[Mesa-dev] [PATCH] [rfc] r600: set vpm bit for loop start clause

Fri Aug 3 05:00:03 UTC 2018

On 3 August 2018 at 14:02, Roland Scheidegger <sroland at vmware.com> wrote:
> Am 03.08.2018 um 05:10 schrieb Dave Airlie:
>> From: Dave Airlie <airlied at redhat.com>
>>
>> This fixes some hangs with the arb_shader_image_load_store-atomicity tests
>> on evergreen/cayman GPUs.
>>
>> I'm not 100% sure why (VPM hurts my brain), I'm running some piglit
>> runs to see if it has any bad side effects.
>> ---
>>  src/gallium/drivers/r600/r600_shader.c | 2 +-
>>  1 file changed, 1 insertion(+), 1 deletion(-)
>>
>> diff --git a/src/gallium/drivers/r600/r600_shader.c b/src/gallium/drivers/r600/r600_shader.c
>> index 2229dc8fab3..1341bf2c48c 100644
>> --- a/src/gallium/drivers/r600/r600_shader.c
>> +++ b/src/gallium/drivers/r600/r600_shader.c
>> @@ -10587,7 +10587,7 @@ static int tgsi_bgnloop(struct r600_shader_ctx *ctx)
>>       /* LOOP_START_DX10 ignores the LOOP_CONFIG* registers, so it is not
>>        * limited to 4096 iterations, like the other LOOP_* instructions. */
>>       r600_bytecode_add_cfinst(ctx->bc, CF_OP_LOOP_START_DX10);
>> -
>> +     ctx->bc->cf_last->vpm = 1;
>>       fc_pushlevel(ctx, FC_LOOP);
>>
>>       /* check stack depth */
>>
>
> I think you might get incorrect derivatives afterwards (if some pixels
> in a quad were invalid)? Or are the lanes in the alu still active (I
> don't really understand all the vpm stuff...) afterwards?

That I'm not sure about, I think you end up pushing a different mask
onto the stack for the subsequent alu operations.

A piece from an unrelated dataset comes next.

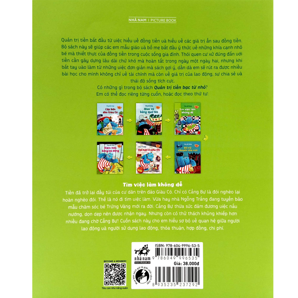 Quản Trị Tiền Bạc Từ Nhỏ - Tìm Việc Làm Không Dễ Giới thiệu tác phẩm Tiền đã trở lại đầy túi của cư dân trên đảo Giàu có. Chỉ có Cẳng bự là đói nghèo lại hoàn nghèo đói. Thế là nó đi tìm việc làm. Vừa hay nhà Ngỗng trắng đang tuyển bảo mẫu chăm sóc bé Trứng vàng mới ra đời. Cẳng bự thừa sức đảm đương việc nấu nướng, dọn dẹp nên được nhận ngay. Nhưng còn có thử thách khủng khiếp hơn nhiều đang chờ Cẳng bự! Cuốn sách này cho em hiểu sơ bộ về quan hệ giữa người lao động và người sử dụng lao động, thỏa thuận, hợp đồng, chi phí.
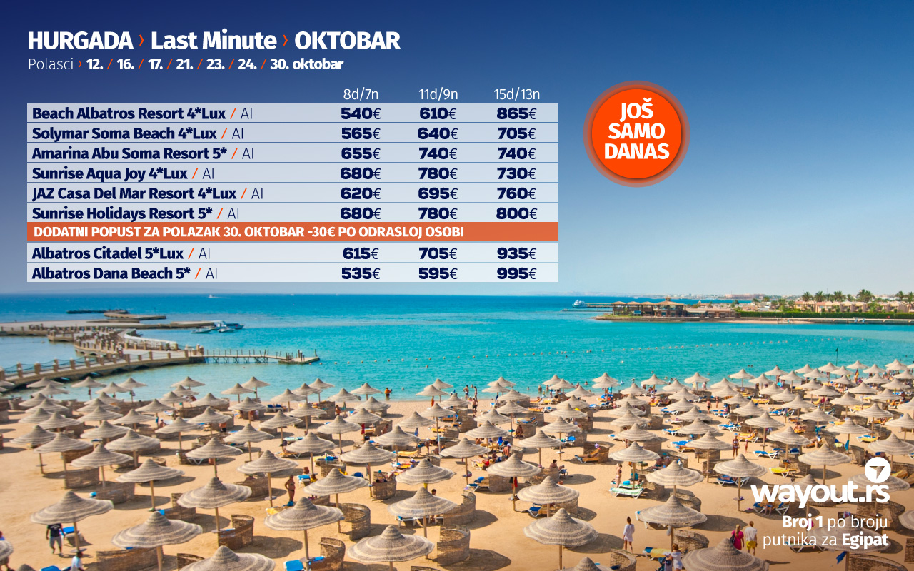 Takođe, posebno bismo napomenuli i novitet u Wayout ponudi, a to su aranžmani za Mini odmor u Hurgadi, bazirani na 8 dana / 7 noćenja u oktobru, sa polascima 9. / 16. / 23. / 30. oktobra u saradnji sa nacionalnom avio kompanijom Air Serbia kojoj dugujemo veliku zahvalnost na besprekornoj saradnji, a pre svega su ovi aranžmani namenjeni putnicima koji žele na kratko da odu iz grada ili jednostavno nemaju dovoljno slobodnih dana od godišnjeg odmora.

But I've never fully
wrapped my brain around this and retained it.

>
> I'm wondering if the tests are just bad? You can get lockups rather
> easily if you're not extra careful with atomics in loops (because the
> result of the atomic is undefined for helper invocations, and the hw
> will never store the result).
> There was recently some discussion about this on mesa-dev, also see
> https://bugs.freedesktop.org/show_bug.cgi?id=106902

I expect it's in this category, we get garbage back from the helper
invocation atomics and the loop loops forever. Setting vpm
must avoid the complete loop for helper invocations.

Maybe I can limit the vpm setting to only cases where we have
atomic operations in the loop to avoid any unexpected fallout.

Well at the moment fglrx passes the test fine and doesn't hang, it's
where I got the idea for the vpm here. Now fglrx might just be avoiding
the problem or it may have a good reason for setting vpm on the for loop,
but I can't really tell.

Dave.